ESTs from the PmaxArray 1.0 identified as significantly significant (P < 0.001) and representing a cluster of interest, were single pass sequenced from their corresponding clones as detailed previously. Vector and poor quality portions of sequence were trimmed and clustered by sequence alignment into singletons and contigs using Sequencher (Gene Codes Corporation, Ann Arbor, MI, USA). These sequences were compared against public protein and nucleotide databases using the BLASTx and BLASTn tools [52] (E value cut-off < 0.01) from the National Center for Biotechnology Information http://blast.ncbi.nlm.nih.gov/Blast.cgi. Where appropriate sequences were analyzed for protein domains, searched against the Pfam database [53] supplied by the Sanger Institute http://pfam.sanger.ac.uk. Deduced amino acid alignments were performed using the ClustalW tool [54] from the European Bioinformatics Institute http://www.ebi.ac.uk. Signal peptides were predicted for sequences using the Signal P 3.0 program [55] from the Center for Biological Sequence Analysis http://www.cbs.dtu.dk/services/SignalP.

In situ hybridization

RNA anti-sense and sense probes (~400 bp) were generated first by PCR amplifying the EST of interest from cDNA clones using gene-specific primers with T7 and SP6 recognition sequences flanking the 5' end of the primers. 1 μg of the cDNA probe was added to digoxigenin (DIG) RNA-labelling mix (Roche, Penzberg, Germany) as per manufacturer's recommendations for DIG incorporated RNA synthesis.
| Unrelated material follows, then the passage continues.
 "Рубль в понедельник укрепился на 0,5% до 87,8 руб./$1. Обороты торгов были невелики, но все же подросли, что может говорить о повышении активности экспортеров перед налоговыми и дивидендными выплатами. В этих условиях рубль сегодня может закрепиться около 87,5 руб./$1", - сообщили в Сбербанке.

Probes unable to be labelled with DIG were synthesized into unmodified RNA first then non-enzymatically labelled with fluorescein via the Platinum Bright Nucleic Acid Labelling Kit (Kreatech, Amsterdam, Netherlands) according to the manufacturer's protocol. All probes were tested for labelling efficiency using a dot blot technique [50] with the appropriate antibody coupled to alkaline phosphatase.
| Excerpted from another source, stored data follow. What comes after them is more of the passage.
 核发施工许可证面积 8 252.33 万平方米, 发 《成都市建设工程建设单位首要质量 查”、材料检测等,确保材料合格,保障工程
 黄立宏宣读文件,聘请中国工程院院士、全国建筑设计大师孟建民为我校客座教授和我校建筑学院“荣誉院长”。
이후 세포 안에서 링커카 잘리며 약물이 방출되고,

Mantle tissue was removed from adult P. maxima and immediately fixed in 4% paraformaldehyde for four hours. Fixed tissue was dehydrated through an alcohol series and paraffin wax-embedded. Tissue blocks were sectioned to 7 μm increments. Sections were dewaxed in xylene and rehydrated in an alcohol series in preparation for RNA in situ hybridization. The technique used RNase-free reagents as described by Braissant and Wahli [56] with some modification. Briefly, rehydrated tissues underwent a 2 × 15 minutes wash in PBS with 0.1% active DEPC; 15 minutes equilibration in 5 × SSC; pre-hybridization, two hours at 50°C, in 50% formamide, 5 × SSC, 40 μg/ml salmon sperm DNA; hybridization 4-40 hours at 50°C, with 400 ng/mL of DIG/FLU labelled probe, in 50% formamide, 5 × SSC, 40 μg/mL salmon sperm DNA; washed 30 minutes in 2 × SSC at room temperature; one hour in 2 × SSC at 60°C; one hour in 0.1 × SSC at 60°C; five minutes equilibration in buffer 1 (Tris 100 mM/NaCl 150 mM, pH 7.5); two hours with anti-DIG/FLU antibody, AP-coupled, diluted 1:1000 in buffer 2 [buffer 1 with 0.5% of Blocking Solution (Roche, Penzberg, Germany)]; washed for 2 × 15 minutes in buffer 1; five minutes equilibration in buffer 3 (Tris 100 mM/NaCl 100 mM, pH 9.5); stained overnight in buffer 3 containing 20 μl NBT/BCIP Stock Solution (Roche, Penzberg, Germany); washed in running tap water for 15 minutes; dehydrated in alcohol series; washed in 95% ethanol for three hours; after which slides were mounted with cover slips.